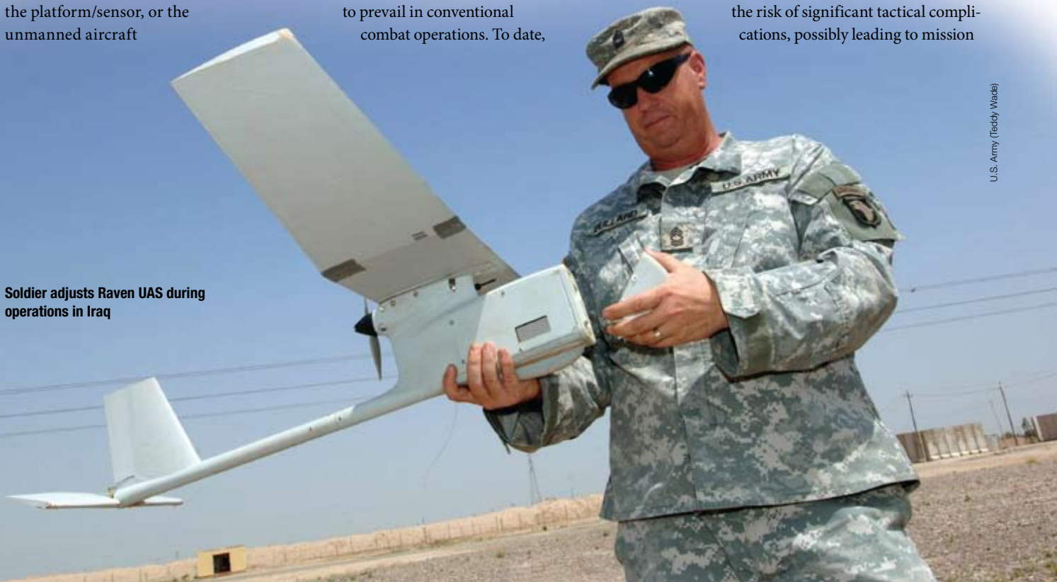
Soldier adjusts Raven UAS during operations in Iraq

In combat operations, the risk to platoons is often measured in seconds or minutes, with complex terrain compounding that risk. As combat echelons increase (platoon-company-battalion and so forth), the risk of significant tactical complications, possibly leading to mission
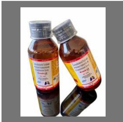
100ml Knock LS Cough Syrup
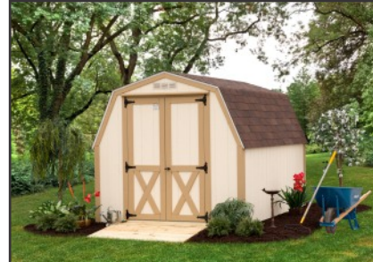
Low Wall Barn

- _Problem requirements_
For this exercise, give the listing again exactly as written, with the pictures omitted.

- _Task solution_
Soldier adjusts Raven UAS during operations in Iraq

In combat operations, the risk to platoons is often measured in seconds or minutes, with complex terrain compounding that risk. As combat echelons increase (platoon-company-battalion and so forth), the risk of significant tactical complications, possibly leading to mission
100ml Knock LS Cough Syrup
Low Wall Barn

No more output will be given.